(Task) Only the lines from the first line of the entries through the line with "Bring seasonal blooms" belong in the answer, each restated word for word and without pictures.

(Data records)
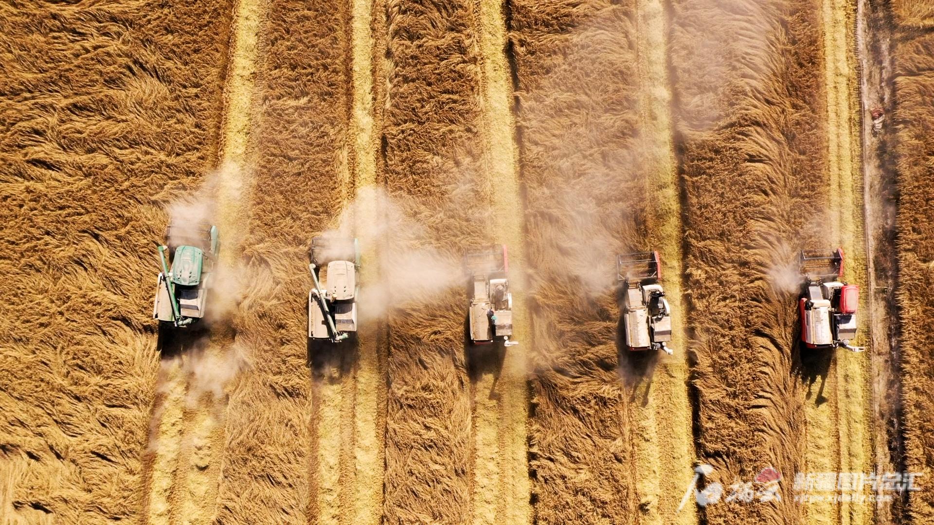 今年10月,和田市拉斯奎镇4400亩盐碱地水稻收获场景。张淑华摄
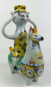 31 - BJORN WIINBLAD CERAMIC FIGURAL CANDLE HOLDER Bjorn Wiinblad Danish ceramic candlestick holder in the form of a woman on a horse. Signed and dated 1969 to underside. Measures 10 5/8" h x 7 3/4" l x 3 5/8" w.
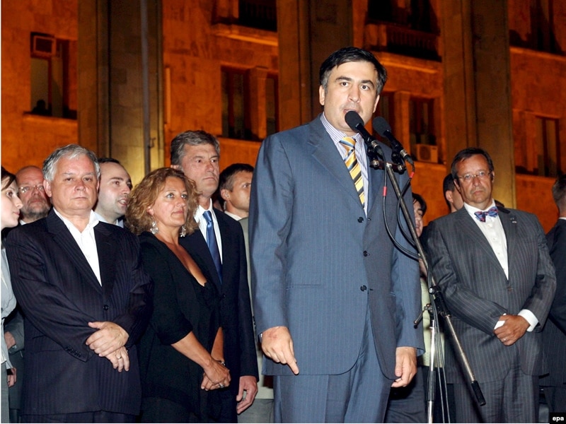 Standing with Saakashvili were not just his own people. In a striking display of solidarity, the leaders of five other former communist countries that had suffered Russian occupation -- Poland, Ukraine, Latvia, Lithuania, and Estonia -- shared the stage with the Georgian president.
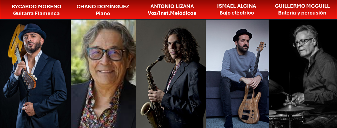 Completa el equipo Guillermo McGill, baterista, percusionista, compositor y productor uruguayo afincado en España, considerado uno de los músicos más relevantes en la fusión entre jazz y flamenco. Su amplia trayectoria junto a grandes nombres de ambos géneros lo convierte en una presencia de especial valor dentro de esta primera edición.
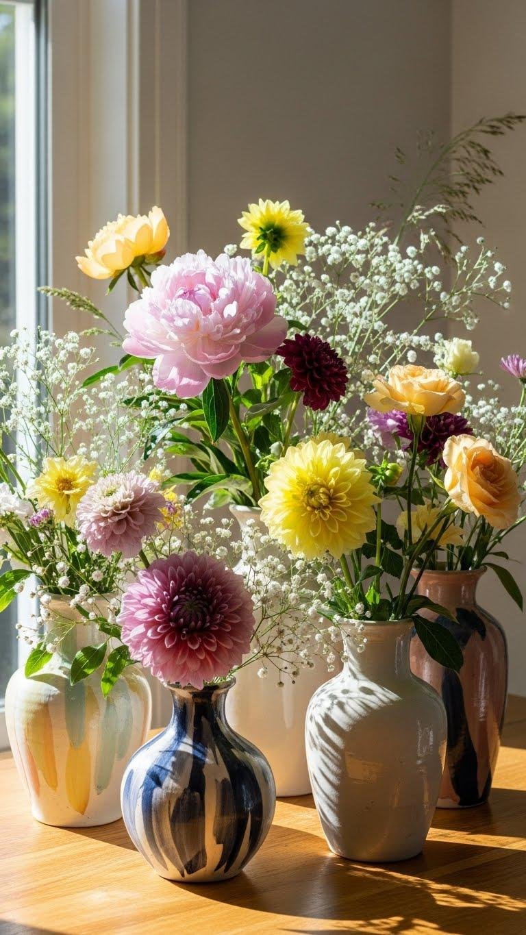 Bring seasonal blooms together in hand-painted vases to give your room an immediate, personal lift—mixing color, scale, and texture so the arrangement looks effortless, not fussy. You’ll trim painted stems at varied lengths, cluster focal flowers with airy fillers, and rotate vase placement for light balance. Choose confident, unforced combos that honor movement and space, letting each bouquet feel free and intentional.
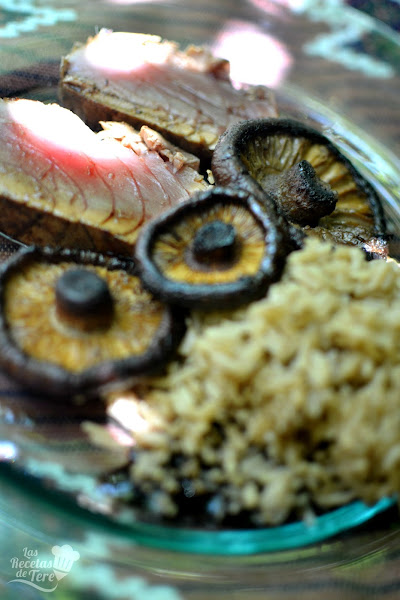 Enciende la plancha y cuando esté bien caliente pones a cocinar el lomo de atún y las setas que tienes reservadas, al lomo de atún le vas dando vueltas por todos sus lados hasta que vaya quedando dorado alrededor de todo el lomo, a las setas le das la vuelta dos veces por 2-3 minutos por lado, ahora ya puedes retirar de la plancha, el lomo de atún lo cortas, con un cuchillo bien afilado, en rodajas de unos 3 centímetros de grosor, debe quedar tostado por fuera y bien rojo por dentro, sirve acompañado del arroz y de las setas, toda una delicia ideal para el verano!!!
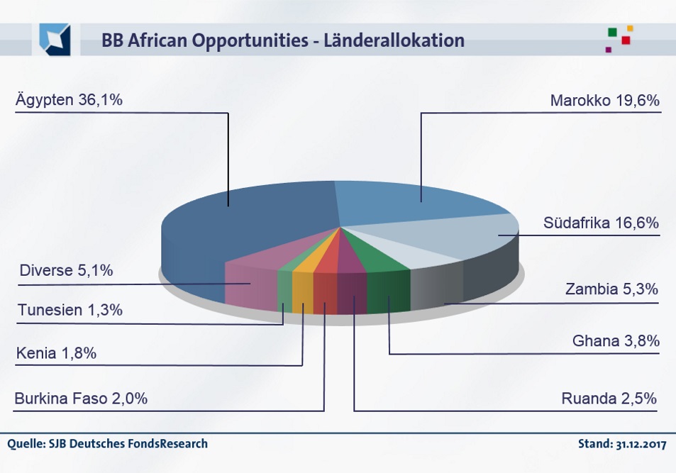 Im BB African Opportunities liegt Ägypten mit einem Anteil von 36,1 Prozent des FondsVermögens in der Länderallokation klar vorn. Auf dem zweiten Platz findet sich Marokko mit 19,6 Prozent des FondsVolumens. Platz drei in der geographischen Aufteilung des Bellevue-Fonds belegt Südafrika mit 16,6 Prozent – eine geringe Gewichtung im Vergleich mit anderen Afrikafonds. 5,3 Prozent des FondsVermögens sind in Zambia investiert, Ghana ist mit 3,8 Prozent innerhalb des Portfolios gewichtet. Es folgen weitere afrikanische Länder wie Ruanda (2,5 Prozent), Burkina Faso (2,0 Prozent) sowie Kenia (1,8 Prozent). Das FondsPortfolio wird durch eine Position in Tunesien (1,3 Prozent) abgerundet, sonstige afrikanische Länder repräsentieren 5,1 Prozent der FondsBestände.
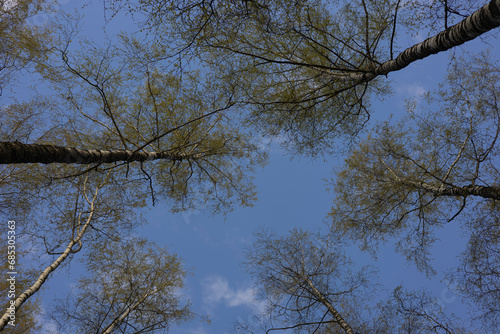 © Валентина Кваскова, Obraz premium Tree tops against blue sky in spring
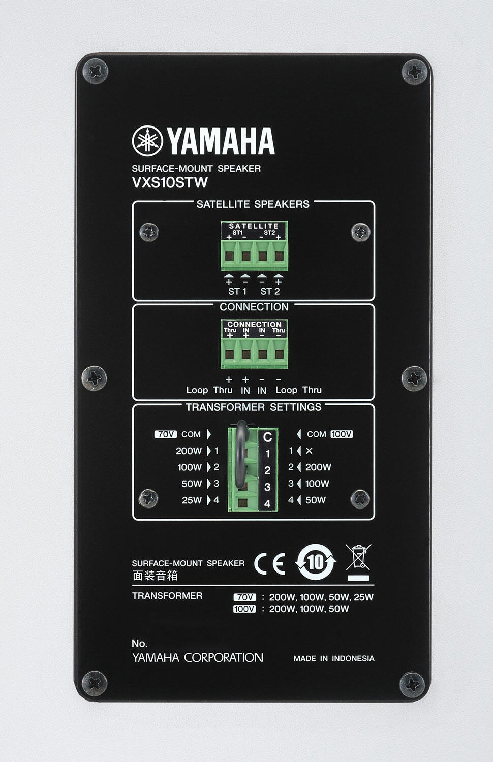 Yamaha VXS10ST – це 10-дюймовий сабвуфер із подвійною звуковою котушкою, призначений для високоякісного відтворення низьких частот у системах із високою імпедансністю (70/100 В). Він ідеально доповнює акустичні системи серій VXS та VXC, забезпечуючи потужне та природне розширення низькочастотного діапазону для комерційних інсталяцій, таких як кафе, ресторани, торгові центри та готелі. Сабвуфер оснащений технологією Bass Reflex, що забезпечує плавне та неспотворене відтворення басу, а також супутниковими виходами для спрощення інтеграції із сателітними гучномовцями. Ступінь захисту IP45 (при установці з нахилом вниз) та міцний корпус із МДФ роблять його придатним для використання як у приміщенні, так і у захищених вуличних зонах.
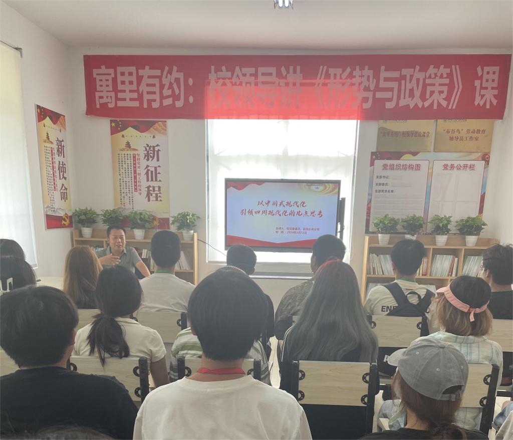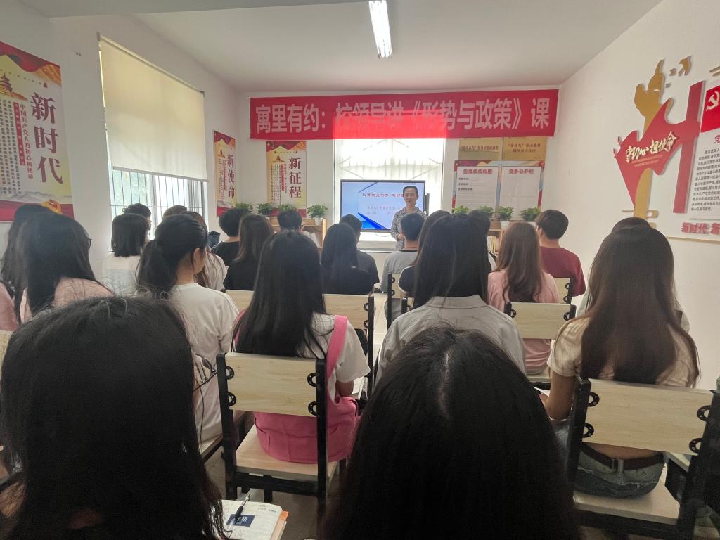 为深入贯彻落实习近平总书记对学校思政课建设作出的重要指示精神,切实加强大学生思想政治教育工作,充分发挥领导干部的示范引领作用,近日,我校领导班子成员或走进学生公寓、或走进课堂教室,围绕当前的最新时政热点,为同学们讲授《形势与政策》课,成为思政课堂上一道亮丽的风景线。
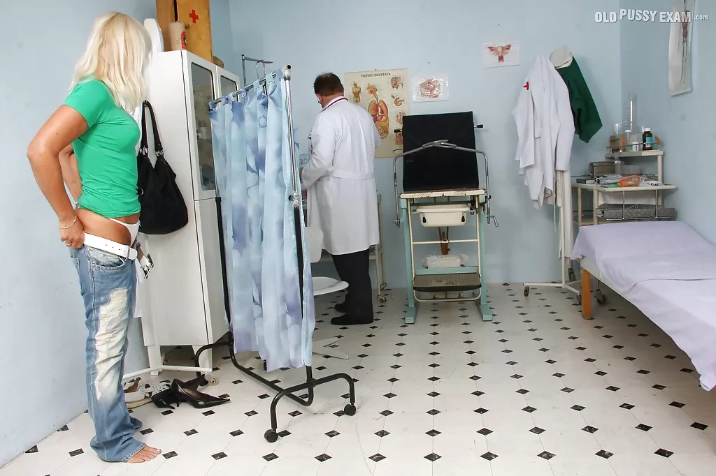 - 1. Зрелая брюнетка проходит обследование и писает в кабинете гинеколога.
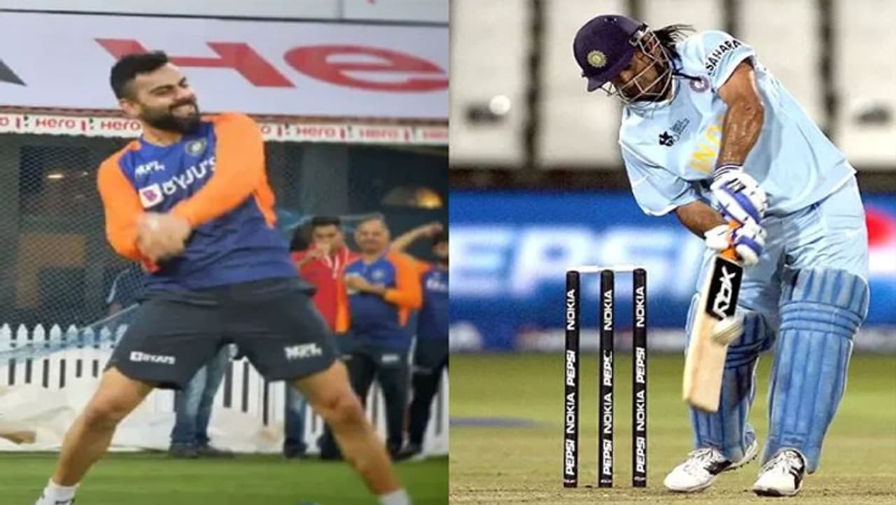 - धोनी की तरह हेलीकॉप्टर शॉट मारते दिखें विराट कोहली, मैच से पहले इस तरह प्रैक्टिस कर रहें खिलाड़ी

(Solved exercise)
 今年10月,和田市拉斯奎镇4400亩盐碱地水稻收获场景。张淑华摄
 31 - BJORN WIINBLAD CERAMIC FIGURAL CANDLE HOLDER Bjorn Wiinblad Danish ceramic candlestick holder in the form of a woman on a horse. Signed and dated 1969 to underside. Measures 10 5/8" h x 7 3/4" l x 3 5/8" w.
 Standing with Saakashvili were not just his own people. In a striking display of solidarity, the leaders of five other former communist countries that had suffered Russian occupation -- Poland, Ukraine, Latvia, Lithuania, and Estonia -- shared the stage with the Georgian president.
 Completa el equipo Guillermo McGill, baterista, percusionista, compositor y productor uruguayo afincado en España, considerado uno de los músicos más relevantes en la fusión entre jazz y flamenco. Su amplia trayectoria junto a grandes nombres de ambos géneros lo convierte en una presencia de especial valor dentro de esta primera edición.
 Bring seasonal blooms together in hand-painted vases to give your room an immediate, personal lift—mixing color, scale, and texture so the arrangement looks effortless, not fussy. You’ll trim painted stems at varied lengths, cluster focal flowers with airy fillers, and rotate vase placement for light balance. Choose confident, unforced combos that honor movement and space, letting each bouquet feel free and intentional.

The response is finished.